The big idea is that they will enable battery powered gizmos to use neural networking systems. MIT said the chip allows phones to run neural networks locally on or to embed them in household appliances.
"Most recent advances in artificial-intelligence systems such as speech- or face-recognition programs have come courtesy of neural networks, densely interconnected meshes of simple information processors that learn to perform tasks by analysing huge sets of training data", the university said.
"But neural nets are large, and their computations are energy intensive, so they're not very practical for handheld devices. Most smartphone apps that rely on neural nets simply upload data to internet servers, which process it and send the results back to the phone."
The special-purpose AI chip to increase the speed of neural-network computations by three to seven times over its predecessors, while reducing power consumption up to 95 percent.
MIT graduate student Avishek Biswas, who led the research, said that the general processor model is that there is a memory in some part of the chip, and there is a processor in another part of the chip, and you move the data back and forth between them when you do these computations.
"These machine-learning algorithms need so many computations and this transferring back and forth of data is the dominant portion of the energy consumption."
Biswas said these algorithms could be simplified to one specific operation, called "the dot product".

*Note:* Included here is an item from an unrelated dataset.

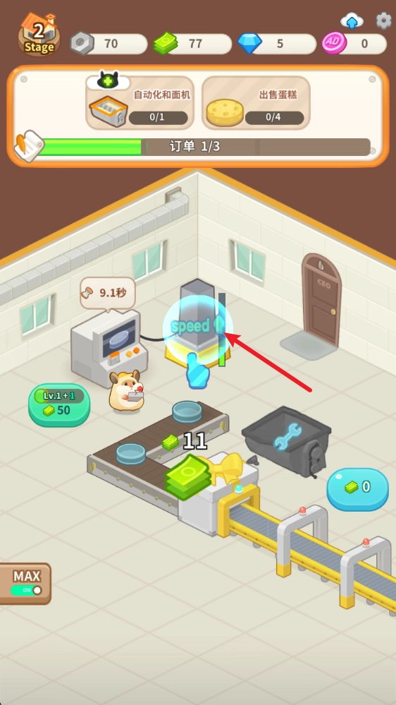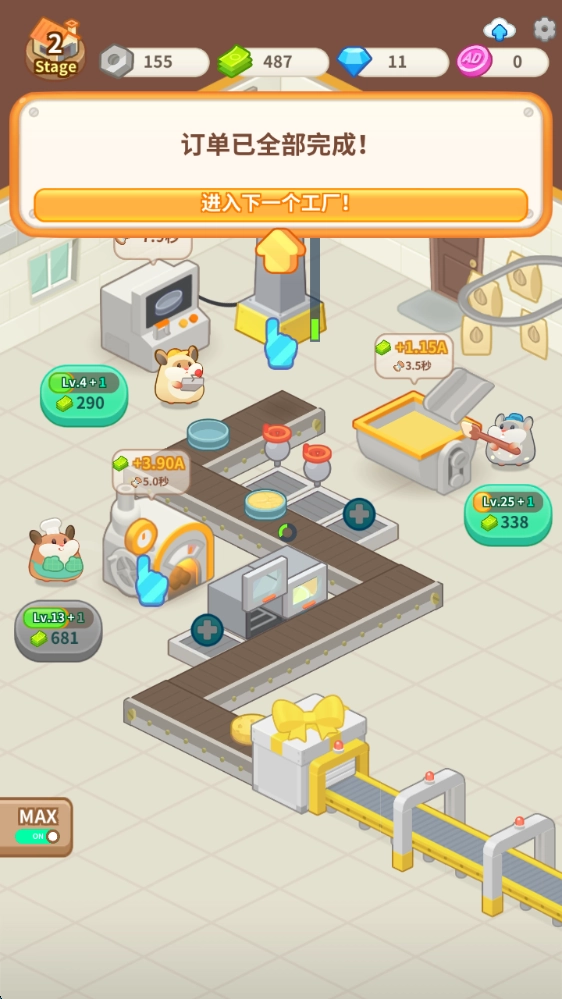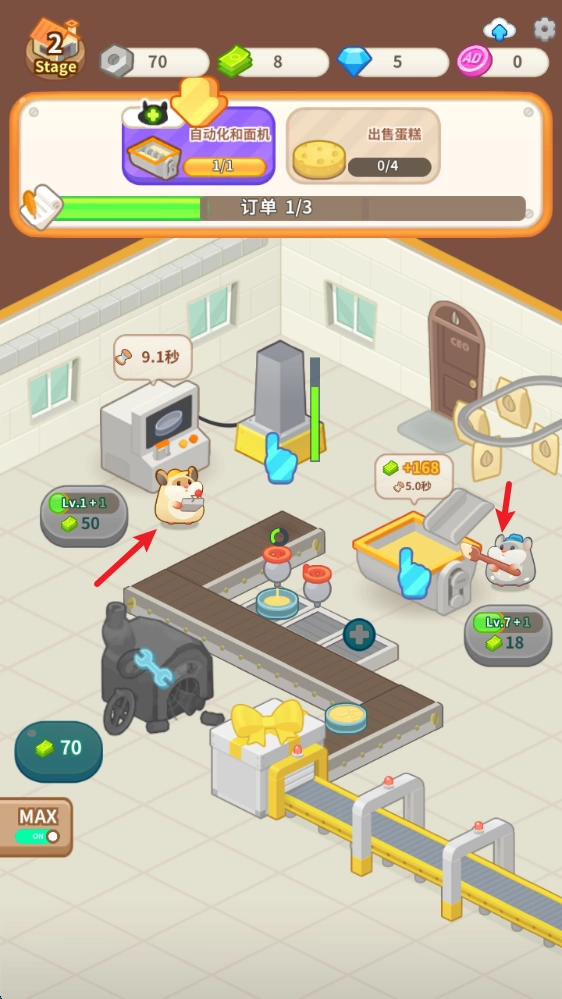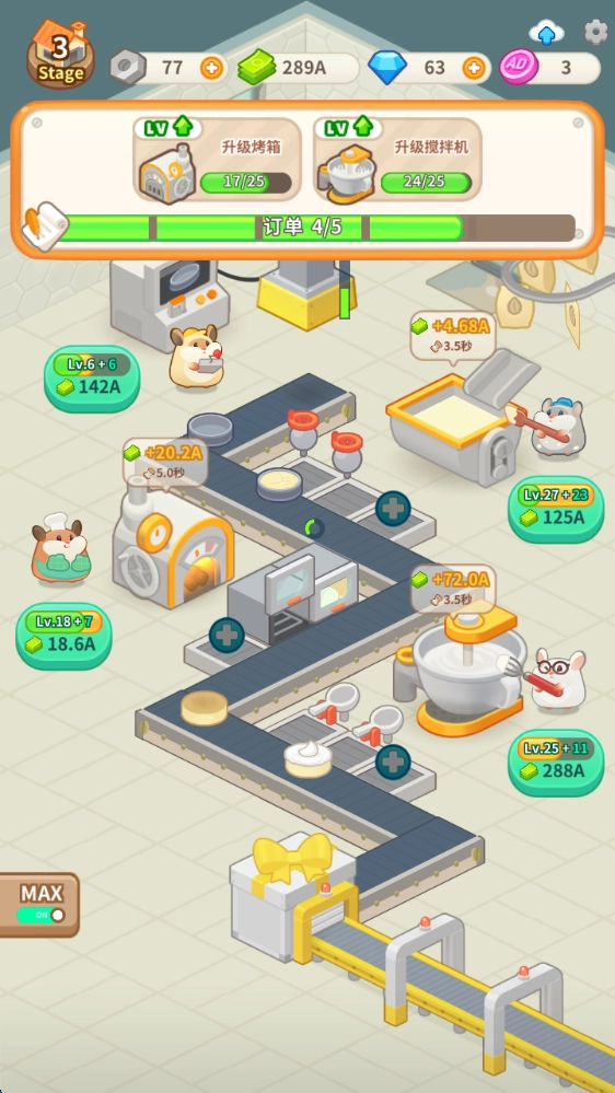 打造并升级各类机器,为其配备合适的仓鼠经理来负责管理,以此达成蛋糕制作的全自动化流程,进而完成更多的订单任务。

The method involved implementing the dot-product functionality inside the memory so that you don't need to transfer this data back and forth. This improves efficiency by replicating the human brain. The node's input values are converted into electrical voltages and then multiplied by the appropriate weights.
"Summing the products is simply a matter of combining the voltages," Biswas said. "Only the combined voltages are converted back into a digital representation and stored for further processing."
The prototype chip can thus calculate dot products for multiple nodes, that is, 16 at a time in a single step, instead of shuttling between a processor and memory for every computation.
IBM's vice president of AI Dario Gil dubbed the development as "a huge step forward".
"The results show impressive specifications for the energy-efficient implementation of convolution operations with memory arrays. It certainly will open the possibility to employ more complex convolutional neural networks for image and video classifications in IoT in the future."